4\(\frac{4}{7}\) – (4\(\frac{4}{7}\) – 10)

= 4\(\frac{4}{7}\) – (4\(\frac{4}{7}\) + (- 10)) Subtracting a number is the same as adding its inverse.

= 4\(\frac{4}{7}\) + (- 4\(\frac{4}{7}\) + 10) The opposite of a sum is the sum of its opposites.

= (4\(\frac{4}{7}\) + (- 4\(\frac{4}{7}\))) + 10 The associative property of addition

= 0 + 10 A number plus its opposite equals zero.

= 10

Example 2.

5 + (- 4\(\frac{4}{7}\))

= 5 + (- (4 +\(\frac{4}{7}\))) The mixed number 4\(\frac{4}{7}\) is equivalent to 4 +\(\frac{4}{7}\).

= 5 + (- 4 + (-\(\frac{4}{7}\))) The opposite of a sum is the sum of its opposites.

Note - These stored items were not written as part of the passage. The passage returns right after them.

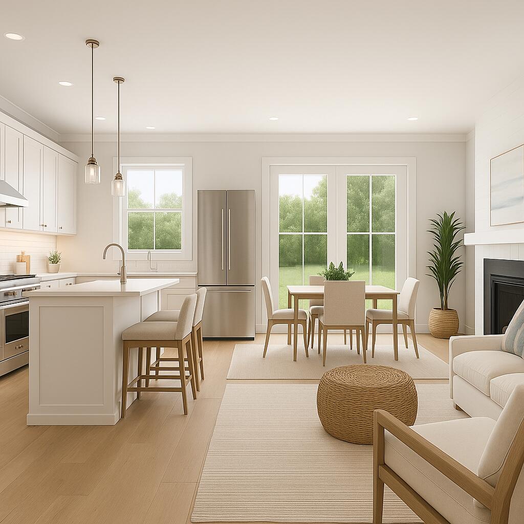 Designed with high-end finishes throughout, this home offers a spacious eat-in kitchen, rich engineered hardwood floors, and a vaulted ceiling in the primary bedroom that fills the space with light and dimension. Step outside to a private covered patio off the kitchen or the welcoming front porch steps from the water.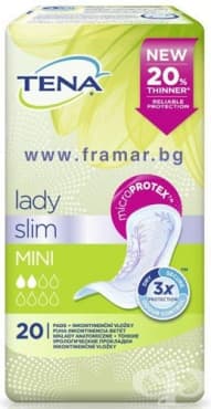 TENA Lady Slim Mini са с 20% по-тънки урологични подложки. Предпазват от миризма, протичане и усещане за мокрота, благодарение на специалната DRY Зона. Големината им е колкото малка дамска превръзка. Проектирани са да защитават при лека слабост на пикочния мехур. Дори при натиск TENA Lady Slim Mini остават напълно сухи, благодарение на DRY Зоната, която осигурява дискретна защита на мига. За невероятен комфорт, сухота и сигурност.
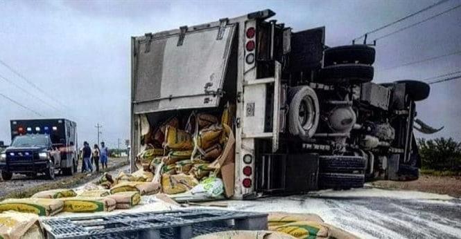 Al momento del accidente, este transportaba un cargamento de siete toneladas de costales de maíz.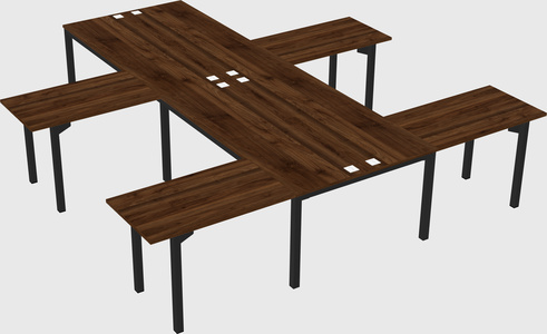 Columbia Walnut Shared L-shaped Office Desk For 4 Persons

= (5 + (- 4)) + (-\(\frac{4}{7}\)) Associative property of addition

= 1 + (-\(\frac{4}{7}\)) 5 + (- 4) = 1

=\(\frac{7}{7}\) + (-\(\frac{4}{7}\))\(\frac{7}{7}\) =1

=\(\frac{3}{7}\)

### Eureka Math Grade 7 Module 2 Lesson 9 Exercise Answer Key

Exercise 1

Unscramble the cards, and show the steps in the correct order to arrive at the solution to 5\(\frac{2}{9}\) – (8.1 + 5\(\frac{2}{9}\)) .

Answer:

5\(\frac{2}{9}\) + (- 8.1 + (- 5\(\frac{2}{9}\)) ) The opposite of a sum is the sum of its opposites.

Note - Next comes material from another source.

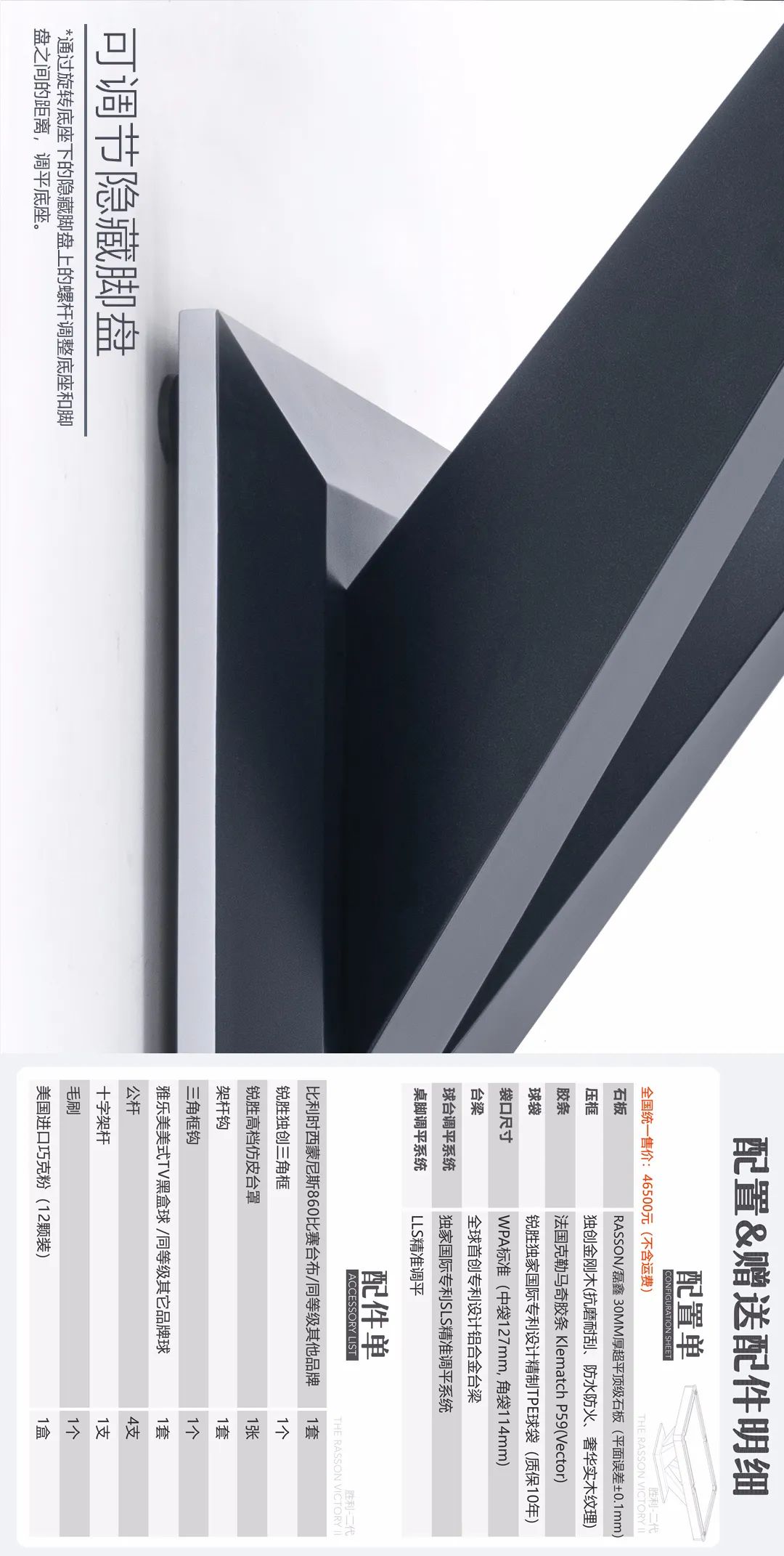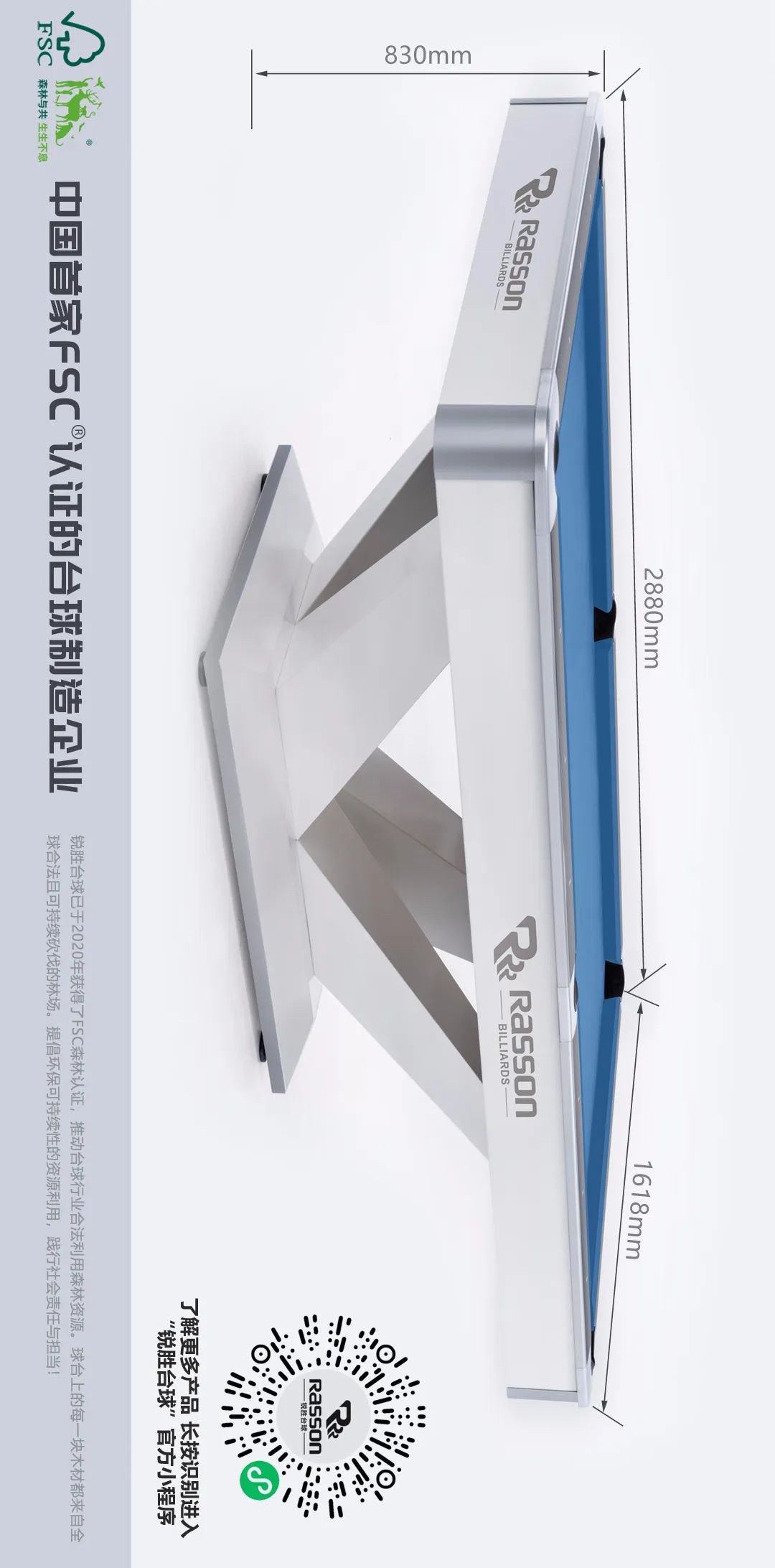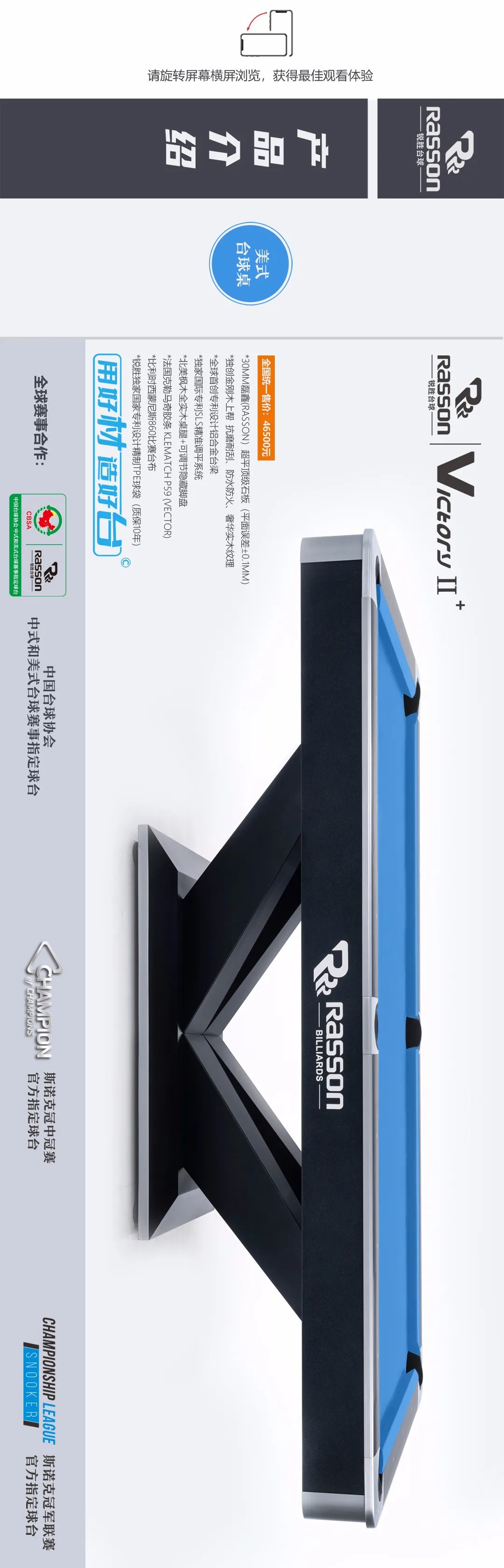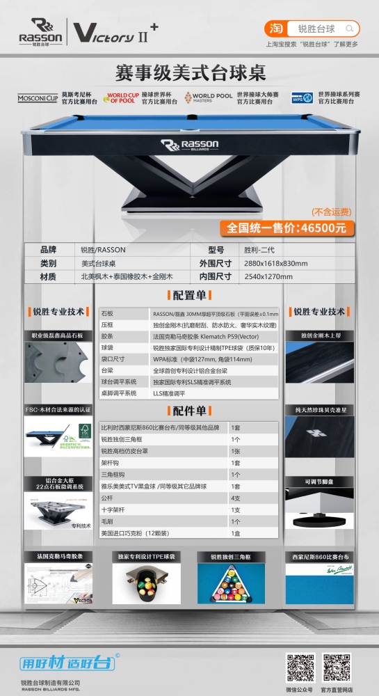 品牌:锐胜 型号:胜利-二代 类别:美式台球桌 外围尺寸:2880x1618x830mm 内围尺寸:2540x1270mm 材质:北美枫木+泰国橡胶木+金刚木

5\(\frac{2}{9}\) + (- 5\(\frac{2}{9}\) + (- 8.1)) Apply the commutative property of addition.

(5\(\frac{2}{9}\) + (- 5\(\frac{2}{9}\)) ) + (- 8.1) Apply the associative property of addition.

0 + (- 8.1) A number plus its opposite equals zero.

– 8.1 Apply the additive identity property.

Exercise 2.

Team Work!

a. – 5.2 – (-3.1) + 5.2

Answer:

= – 5.2 + 3.1 + 5.2

= – 5.2 + 5.2 + 3.1

= 0 + 3.1

= 3.1

b. 32 + (- 12\(\frac{7}{8}\))

Answer:

= 32 + (- 12 + (-\(\frac{7}{8}\)) )

= (32 + (- 12)) + (-\(\frac{7}{8}\))

= 20 + (-\(\frac{7}{8}\))

= 19\(\frac{1}{8}\)

c. 3\(\frac{1}{6}\) + 20.3 – (- 5\(\frac{5}{6}\))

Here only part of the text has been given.